Now, I will try to derive Ohm's Law
in a very crude way, a poor man's version,
and not really one hundred percent kosher,
it requires quantum mechanics, which is beyond the course --
beyond this course -- but I will do a job that still gives us
some interesting insight into Ohm's Law.
If I start off with a conductor, for instance,
copper, at room temperature, three hundred degrees Kelvin,
the free electrons in copper have a speed,
an average speed of about a million meters per second.
So this is the average speed of those free electrons,
about a million meters per second.
This in all directions. It's a chaotic motion.
It's a thermal motion, it's due to the temperature.
The time between collisions -- time between the collisions --
and this is a collision of the free electron with the atoms --
is approximately -- I call it tau --
is about three times ten to the minus fourteen seconds.

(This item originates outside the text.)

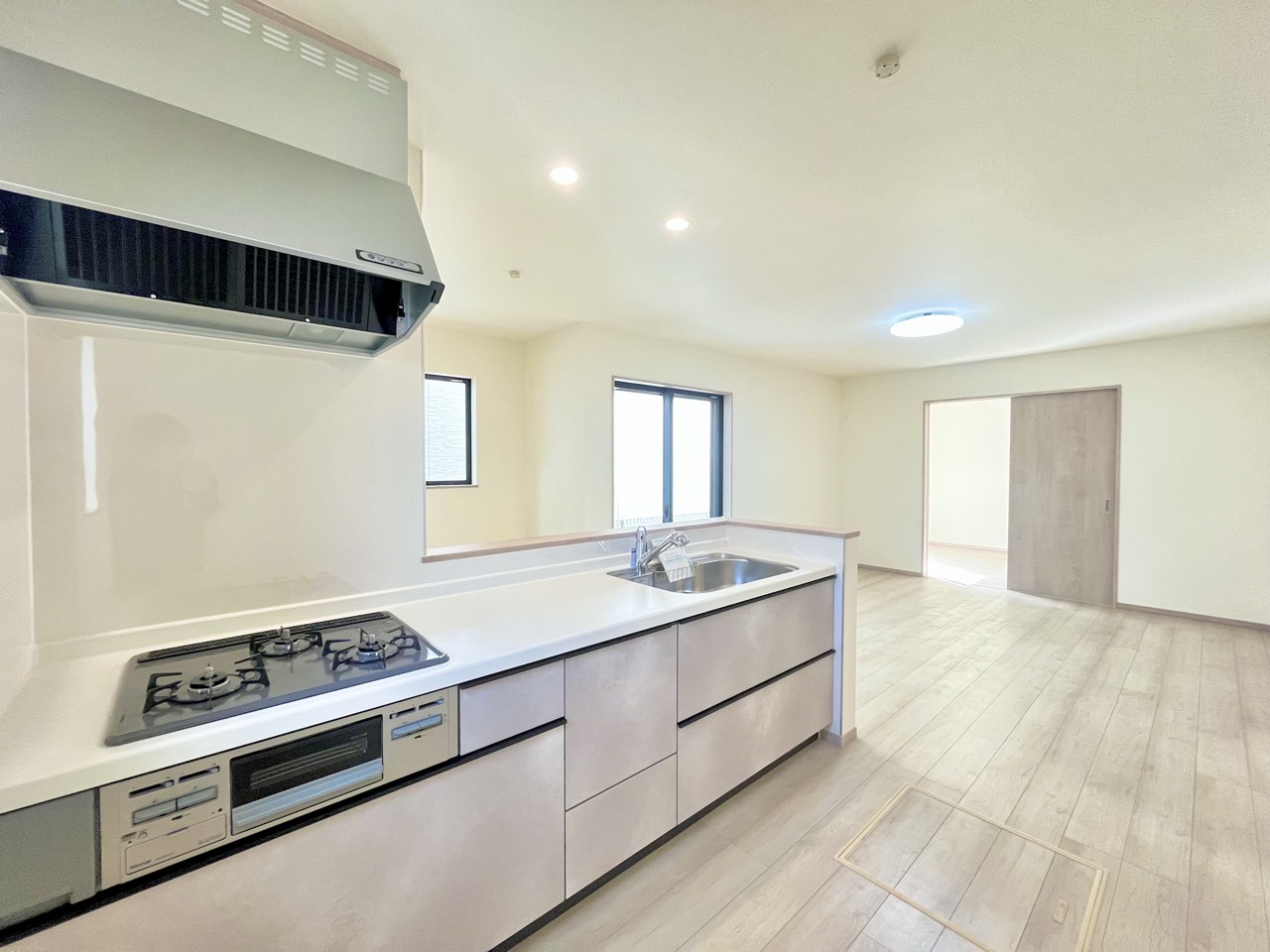 C号棟 キッチンはオープンカフェスタイルだからリビングとの一体感はバッチリ。毎日のお料理時間も楽しくなりそうです。 2026/02/27m
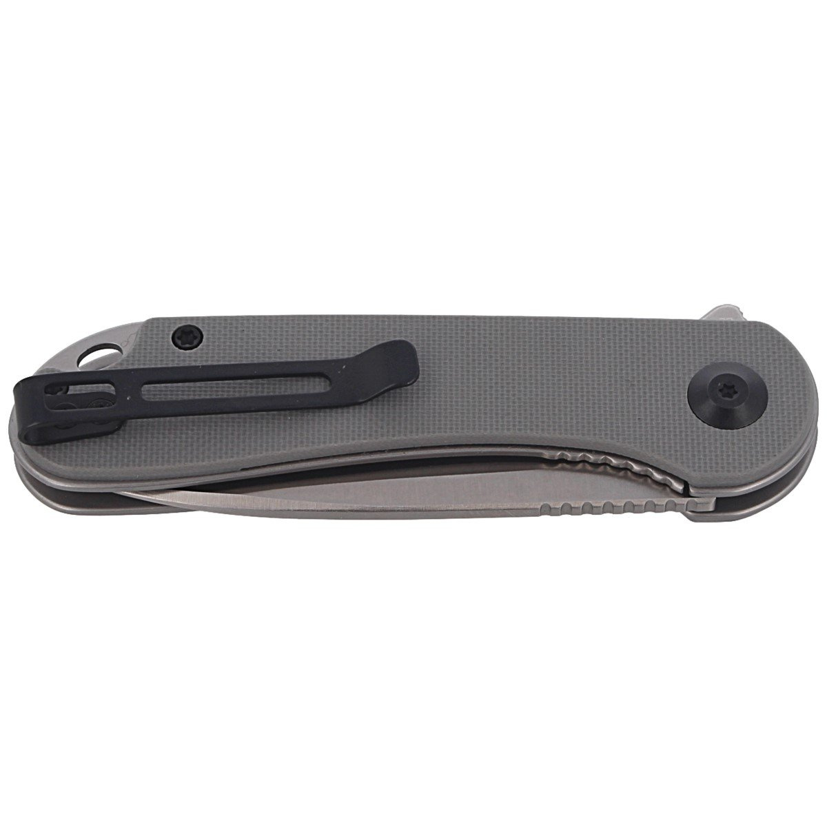 Handle - light gray, fashionable G10, textured for better grip. The whole is mounted to steel liners. In practice this means many years of work without weakening the construction. Open-backed construction without typical backspacer, fixed to each other with steel spacers facilitates cleaning in the field. The pivot is decorated with a stylized Civivi brand logo. The right-side metal deep carry clip allows you to carry the knife discreetly in your pocket in the tip-up (blade up) position. Above the clip is a lanyard hole, an oval hole for a cord.

No surprise, because the speed is enormously
high. And the number of free
electrons in copper per cubic meter, I call that number N,
is about ten to the twenty-nine.
There's about one free electron for every atom.
So we get twen- ten to the twenty-nine free electrons per
cubic meter. So now imagine that I apply a
potential difference piece of copper -- or any conductor,
for that matter -- then the electrons will experience a
force which is the charge of the electron, that's my little E
times the electric field that I'm creating,
because I apply a potential difference.
I realize that the force and the electric field are in
opposite directions for electrons, but that's a detail,
I'm interested in the magnitudes only.
And so now these electrons will experience an acceleration,
which is the force divided by the mass of the electron,
and so they will pick up, eh, speed, between these colli-
collisions, which we call the drift velocity,
which is A times tau, it's just eight oh one.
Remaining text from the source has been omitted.